How Social Media Is Muddying the Waters for Jobseekers

Net-Temps
Crossroads JobSeeker News

Caution People! How Social Media Is Muddying the Waters for Perfectly Good Jobseekers … and How Companies are Letting it Happen
Invited to an interview, you step into the room and unload that heavy photo album you’ve been clinging to onto the conference table. In addition to a resume and brag book, you have pictures on your iPhone of your dogs and the neighbor’s cat stalking the birds enjoying your new bird feeder. The interview progresses by you opening and flipping through the pages of your album, pointing to your family and friends. You gladly draw the interviewer’s attention to those older pictures taken during your college days … and to the many of your drunk, sleeping positions your friends encapsulated forever through one click of a camera.
Eeerrrk!!!
What? Personal items presented during an interview?

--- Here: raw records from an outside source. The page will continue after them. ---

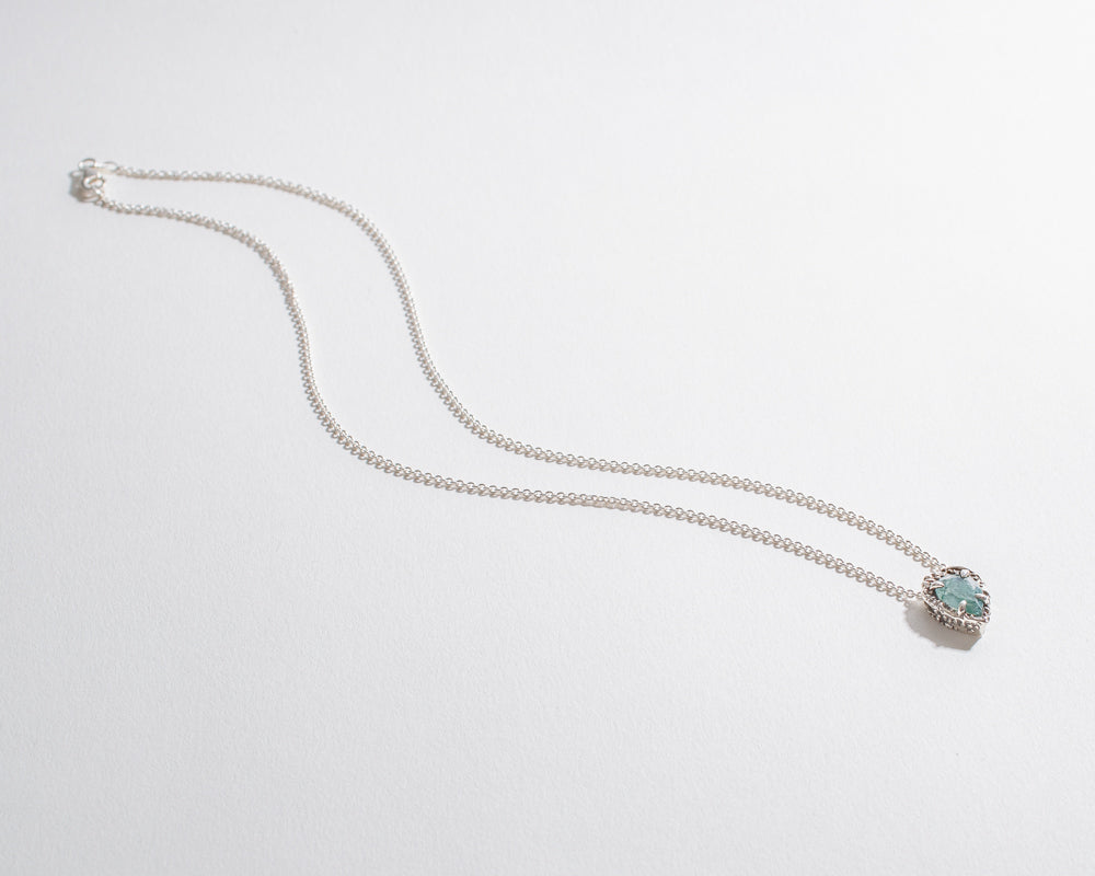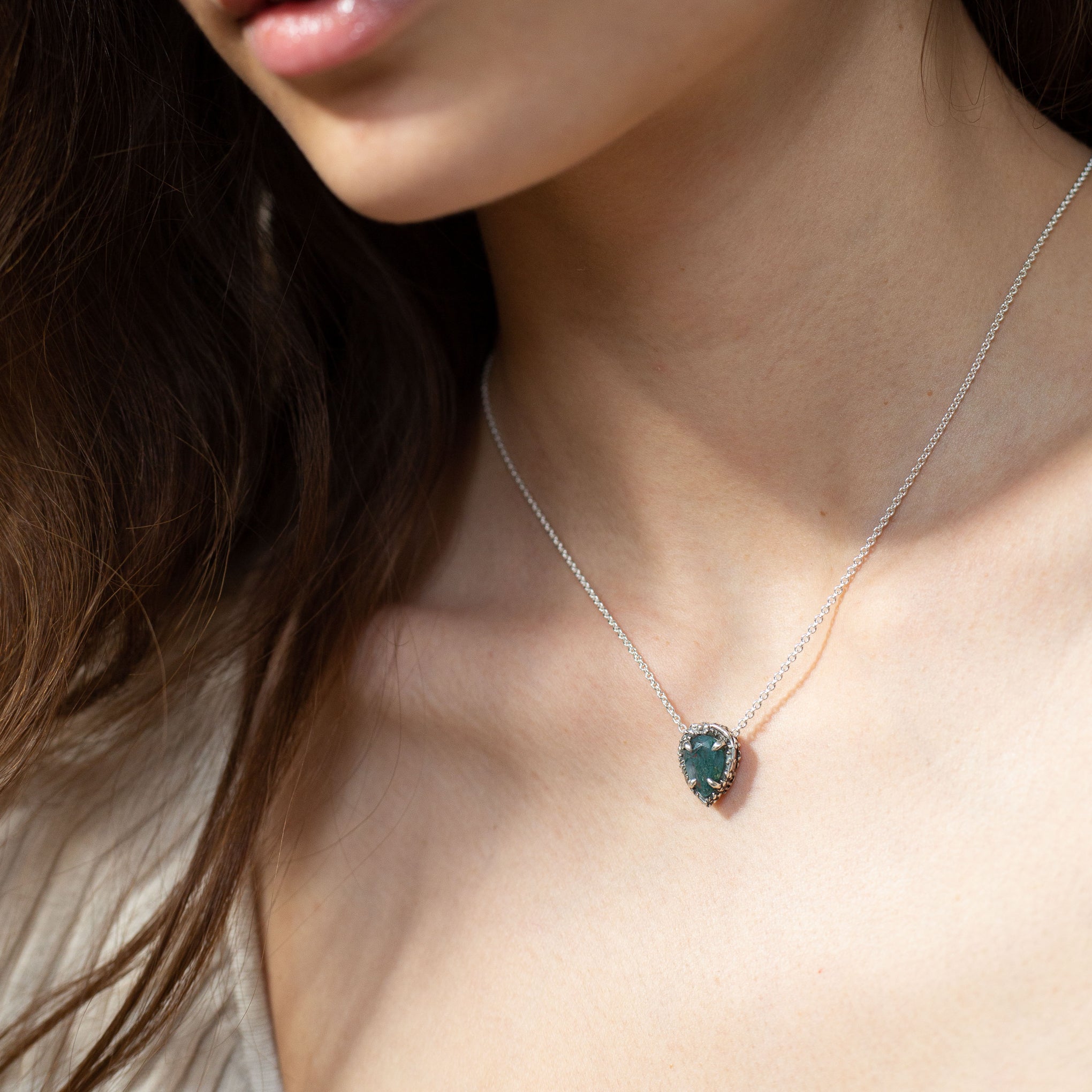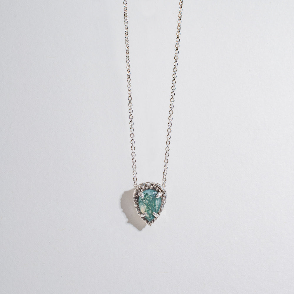 Angela Monaco's Gateway Pendant with her signature earthy texture, encapsulates a moss agate in a harmonious visual representation of stone and vegetation. Moss agate encourages tranquility and emotional balance, drawing one closer to nature.
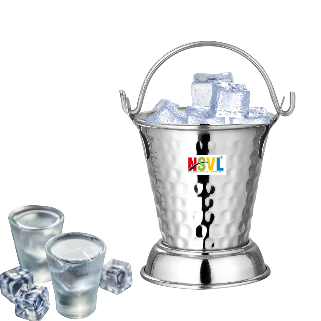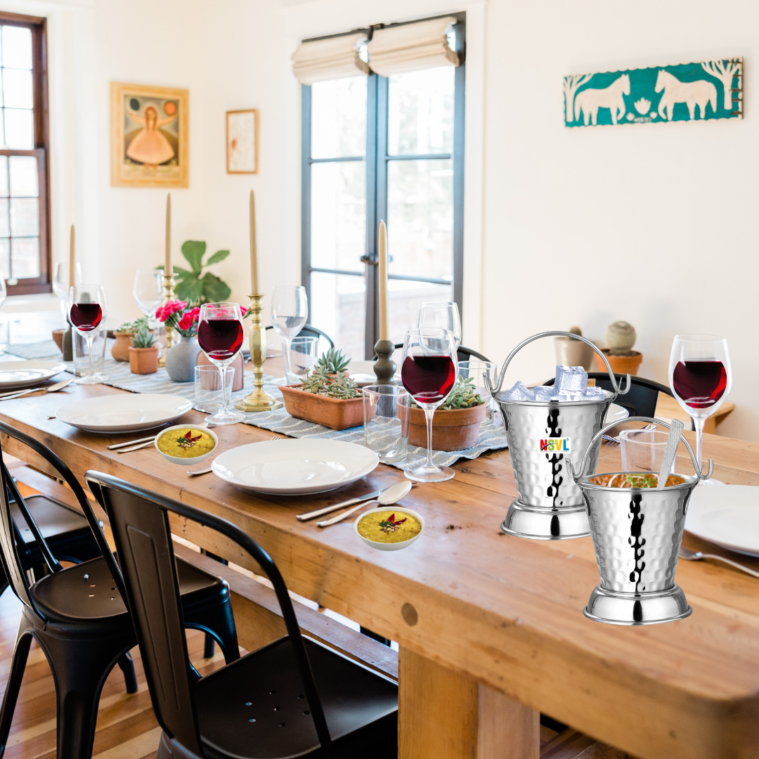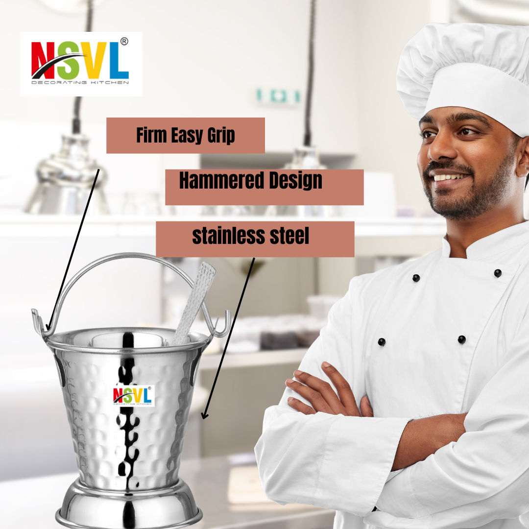 NSVL Mini Serving Hammered Serving Bucket for Dining Table | Mini Bucket for Serving Dal | Kitchen Stainless Steel Bucket | Small Bucket, 600 ml
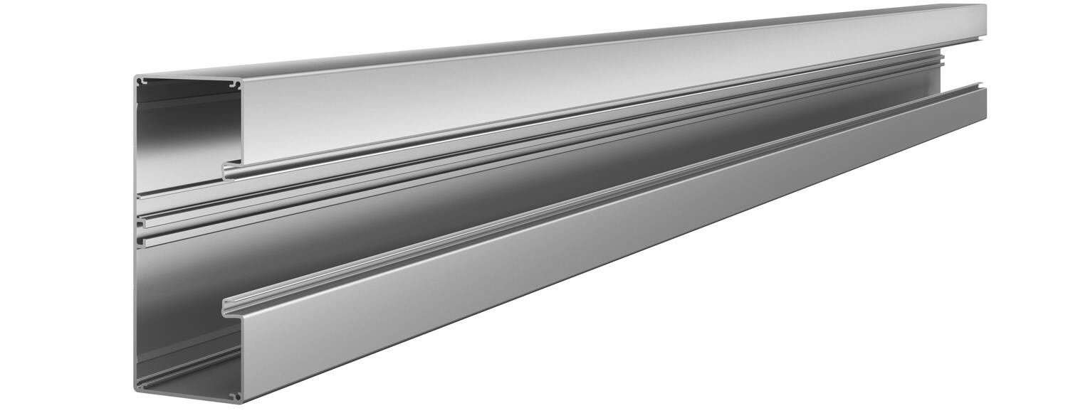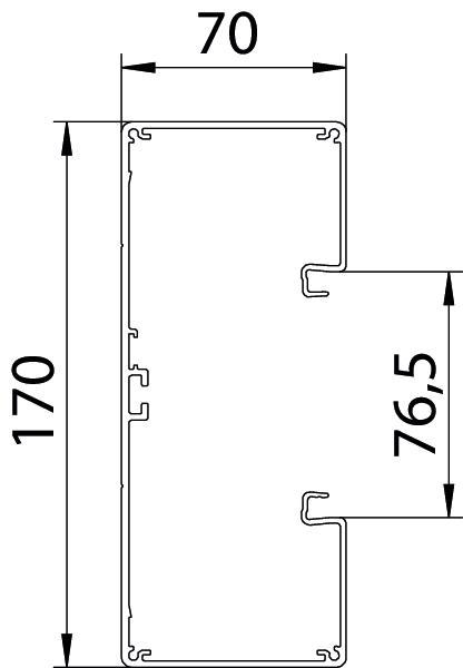 Antibacterial treatment no Base perforation Without base perforation Cable retaining clip no CO2 Footprint (GWP) Cradle-to-Gate 33,8357 kg CO2e / 1 Meter Colour aluminium Cover mounting type Internal Cover supplied no Cover width 76,5 mm Dimension 70x170x2000 Duct connector no Halogen-free yes Height 70 mm Length 2000 mm Material Aluminium Mounting perforation in base no Number of covers 1 Number of insertable partitions 1 Permitted temperature range, max. 60 °C Permitted temperature range, min. -25 °C Protection rating IP30 Protection rating IK code IK10 Protective film yes Rear panel version (inner side) Continuous C profile Rectangular shape yes Surface Anodised Symmetrical yes Usable cross-section 8620 mm² Width 170 mm - All types

Why not? Isn’t that basically what hiring companies are doing rummaging through your public social media accounts, learning more about you and your online activities?

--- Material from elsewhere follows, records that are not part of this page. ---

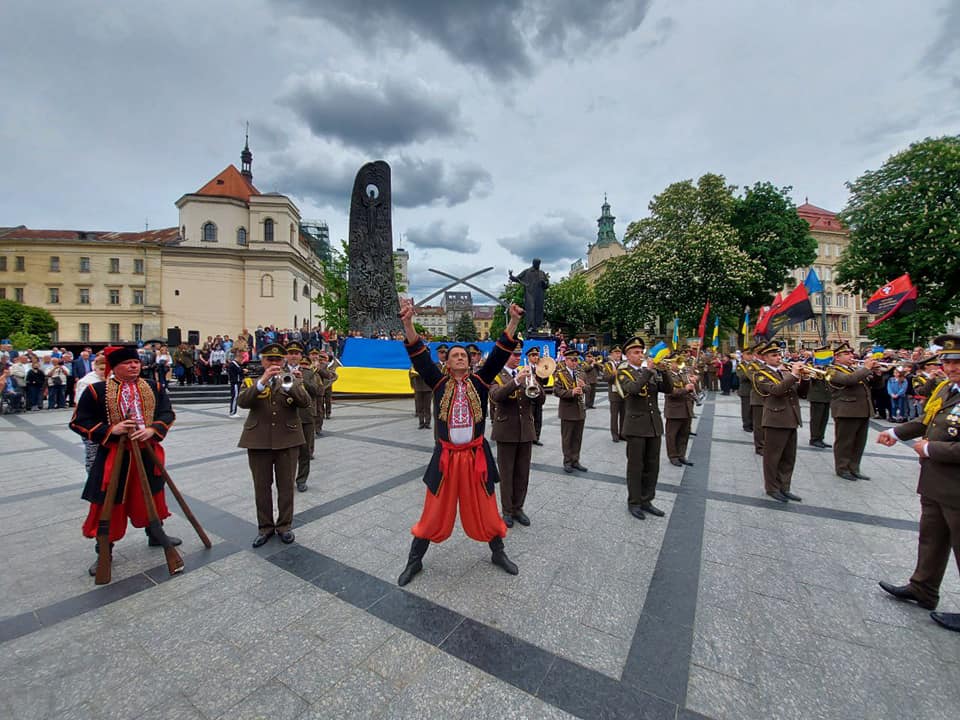 12:00 Показательное выступление роты почетного караула Национальной академии сухопутных войск им. гетмана Петра Сагайдачного и дефиле военного оркестра (площадь у памятника Шевченко).
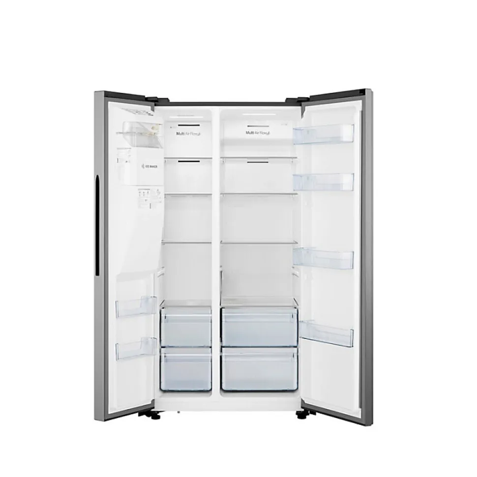 Réfrigérateur américain Hisense RS5P535NPCECaracteristiques principales : Classe énergétique : E.Consommation d’énergie annuelle : 324 kWh.Catégorie de niveau sonore : C.Niveau sonore : 39 dB.Volume du congélateur : 190 l.Volume du réfrigérateur : 376 l.Volume total : 566 l.Type de pose : Pose libre.Nombre de porte : 1.Fonctionnalité appareil du froid : Affichage de la température, Un modèle avec distributeur, Super congélation, Fabrique à glace amovible.Autonomie en cas de coupure : 6 h.Nombre de clayettes : 3.Type de clayettes : verre sécurité.Couleur : Inox.Dégivrage du réfrigérateur : Automatique.Type de réfrigération : Froid ventilé.Type de congélation : Froid ventilé.Pouvoir de congélation : 12 KG24H.Dégivrage du congélateur : Automatique.Nombre de tiroirs : 2.Distributeur : Eau, Glace pilée, Glaçons.Coût estimé d’utilisation annuel : 74 Euros.Classe climatique : SN, N, ST, T.Type de porte (cave) : Pleine.Ouverture de la porte : A droite.Porte réversible : Non.Caractéristiques complémentaires : Le compartiment congélateur peut être passé en mode réfrigérateur en appuyant 5 secondes sur la touche dédiée ConvertActive.Hauteur : 178,6 cm.Largeur : 91,5 cm.Profondeur du produit : 70,3 cm.Poids : 102,5 kg.Type de fixation : Sur charnières.Pays de fabrication : Serbie.Origine de fabrication : Fabriqué en Europe.Disponibilité des pièces détachées : 10 ans.Points forts : Volume 566 L – Dimensions (HxLxP) : 178.6×91.5×67 – Classe E – 39 dB.Froid ventilé NoFrost Multi AirFlow 376 L.Congélateur à dégivrage automatique 190 L – Distributeur d’eau fraîche sur réservoir.Fonction ConvertActive : convertit le congélateur en réfrigérateur.Caracteristiques principales :
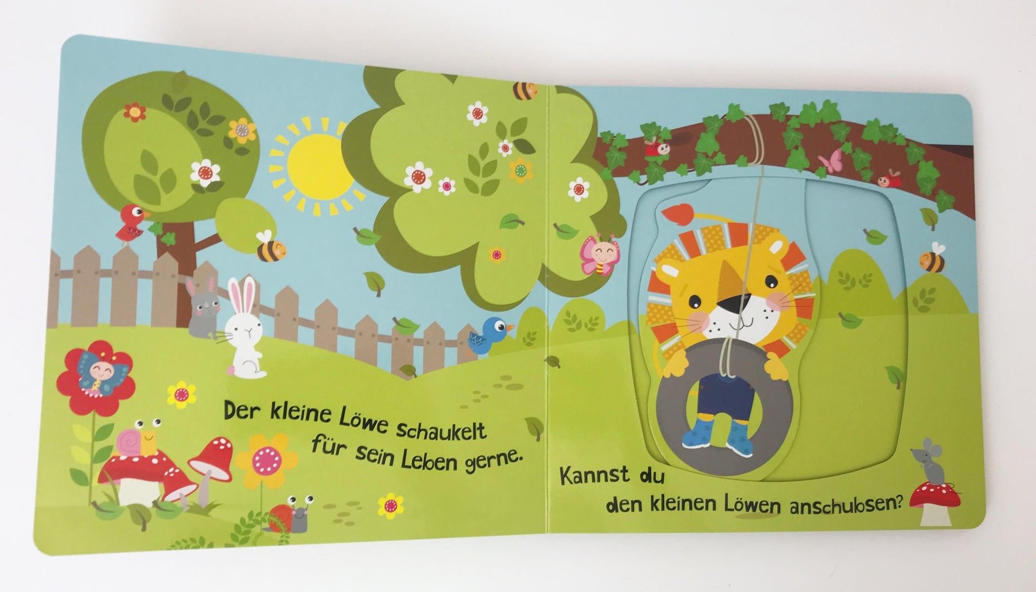 Stabiles Pappenbuch mit vielen Klappen und Schiebeelementen. Schult die Motorik und Konzentrationsfähigkeit.

The next few years are certainly gray, unchartered waters for jobseekers. The issue of whether a person’s personal life and involvement online should have any place in the hiring realm is definitely a topic that will be battled over for years — maybe even decades. Some might unexpectedly find themselves entangled in lawsuits, as privacy experts grow increasingly concerned that disqualifying a candidate based on information gained online can introduce certain forms of discrimination into the hiring process.
Jobseekers have every right to be concerned about protecting their online identities from prying eyes, but where should the line be drawn? Employers shouldn’t be given uninhibited access to a jobseeker’s private life, should they?
Interestingly, a recent study released at Microsoft’s 4th Annual Data Privacy Day identified that 70% of those surveyed in the US indicated they had disqualified a candidate based on online information.